By Costas Apostolides
IN MY FOURTH article in my series outlining how Cyprus can emerge from its present crisis, I focus on appropriate policies for achieving economic growth.
The government position is that Cyprus can get back to growth by meeting the conditions of the Memorandum for the loan funds from EU, European Central Bank and IMF, and restructuring the banking system, increasing bank liquidity and lowering loan interest rates, as well as improving efficiency by restructuring the public sector and reducing costs through austerity measures. In the medium term growth is to be achieved by the development of natural gas deposits, and introducing one large casino resort. It is stated that there are no public funds available for a Keynesian type spur to the economy through state expenditure; instead, the state has its hands full trying to meet the public sector deficit targets of the Memorandum, and is cutting expenditures.

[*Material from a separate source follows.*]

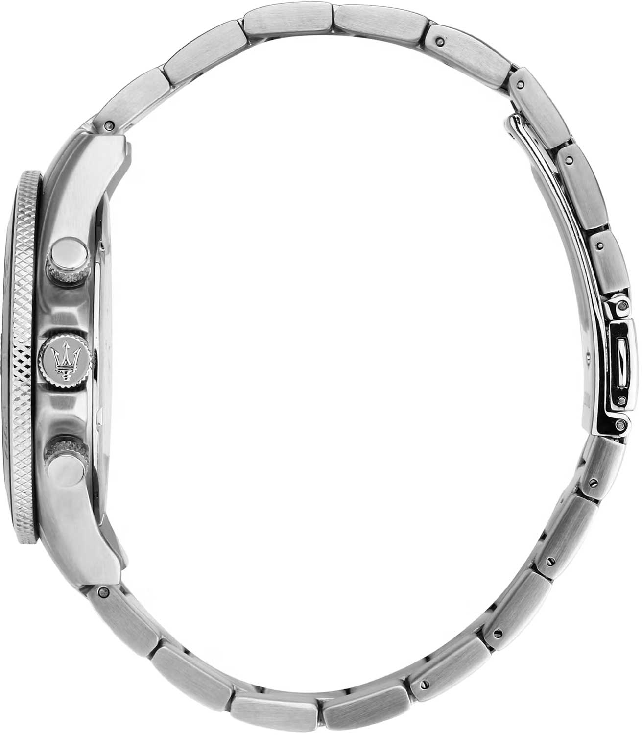 Мужские итальянские часы- хронографХронографФункция позволяет измерять отрезки времени с особой точностью: часы, минуты, секунды. Верным признаком хронографа является наличие на циферблате 3 дополнительных окошек-счётчиков. Maserati Competizione Chronograph R8873600009, кварцевый механизм с высокой точностью. Корпус часов изготовлен из стали. БезельБезельВнешний ободок, закрепляющий стекло. В спортивных часах так называется поворотное кольцо с делениями на циферблате, выполняет роль таймера – замеряет отрезки времени на шкале. Неподвижный безель – элемент декора. Однонаправленно вращающийся безель на дайверских часах позволяет фиксировать моменты погружения и выныривания на поверхность. из стали с PVD-покрытиемPVDУльтратонкое покрытие наносится в технике вакуумного напыления, сочетает в себе нитрид титана особой прочности со слоем золота или оксида хрома. Несёт в себе декоративную или защитную функцию.. Стрелки с люминесцентным покрытиемЛюминесцентное покрытиеПозволяет считывать показания времени в темноте. Производители наносят на стрелки, часовые индексы, безель или поверхность циферблата светонакопительный состав, дающий холодное свечение.. Класс водозащиты: 100 метров, позволит плавать, нырять и заниматься другими водными видами спорта. Стальной браслет на раскладной застёжкойРаскладная застёжкаТакой тип застёжки используется только на браслетах из металла. Она никогда не раскрывается полностью, происходит разделение на 2 и более частей. Раскладывающая застёжка снизит вероятность потери часов к минимуму..
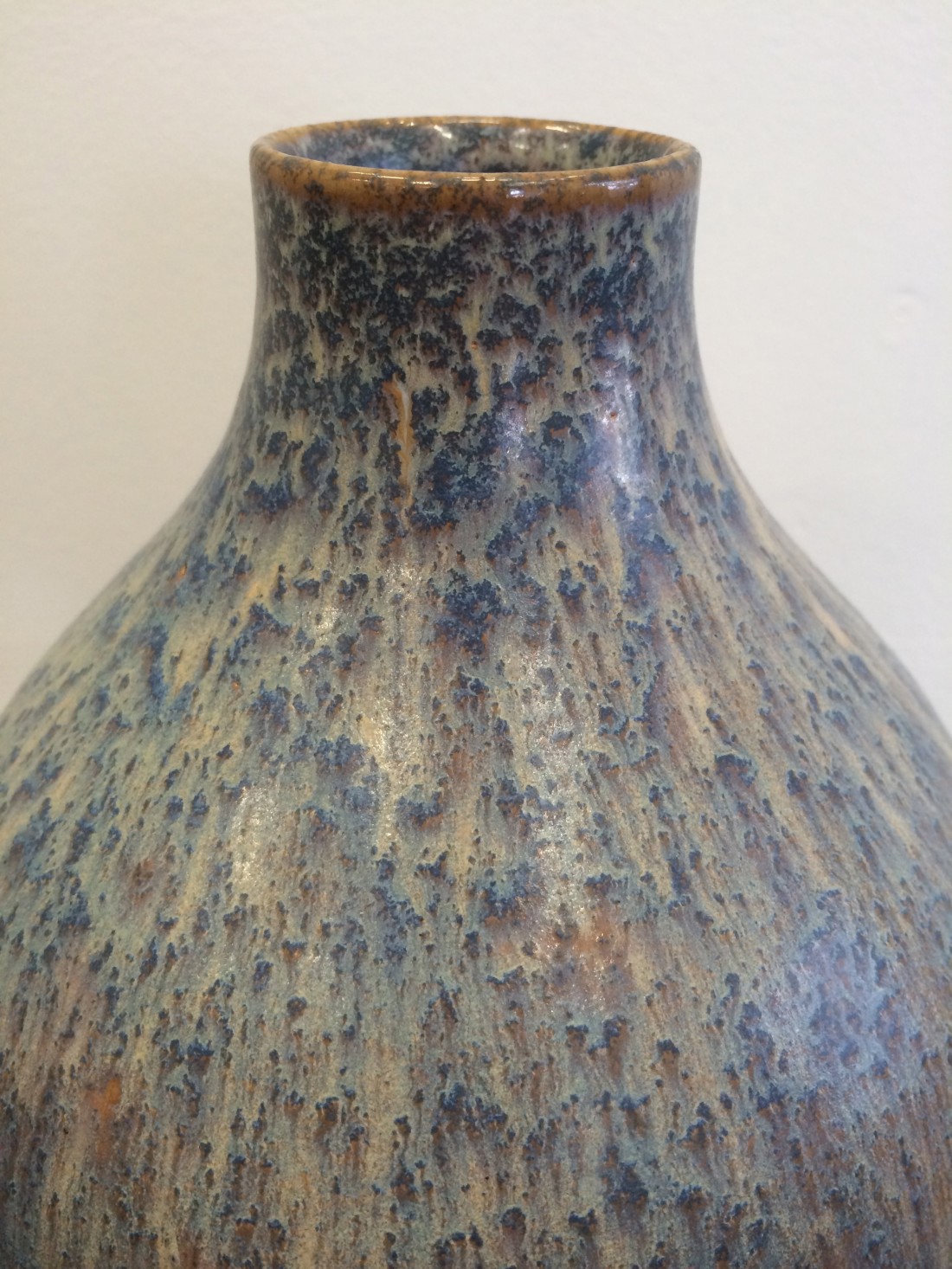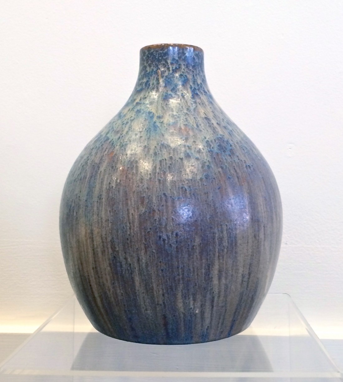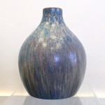 Brushed Earthenware, Blue with cream mottled & streaked glaze. Impressed in oval to base “Ashby Guild”.

The official projections are that GDP will fall massively this year by -8.7 per cent and more modestly in 2014 by -3.9 per cent, and recover slightly by an estimated -1.1 per cent in 2015 and- 1.9 per cent in 2016. As a result unemployment will increase from 11.9 per cent of the labour force in 2012, to 17 per cent this year, and 19.5 per cent in 2014. Even if growth is achieved at the very low levels envisaged in 2015/16, that growth is within the margin of error, and will have little impact on unemployment rates. Consequently the government and the troika are convinced that unemployment will remain high over the next four years.
Irrespective of these dire predictions, it is possible that the economy is holding up better than expected with GDP estimated at -5.4 per cent up to June, and registered unemployment at 15.9 per cent. But other indicators are more in line with the troika predictions with retail sales, for example, more than -10 per cent down and building permits at over 20 per cent. We shall have to see, but it is possible that GDP may be down eventually by around -7 per cent in 2013 and that next year, as the redundancies at banks and other places proceed, at around -5 or 6 per cent.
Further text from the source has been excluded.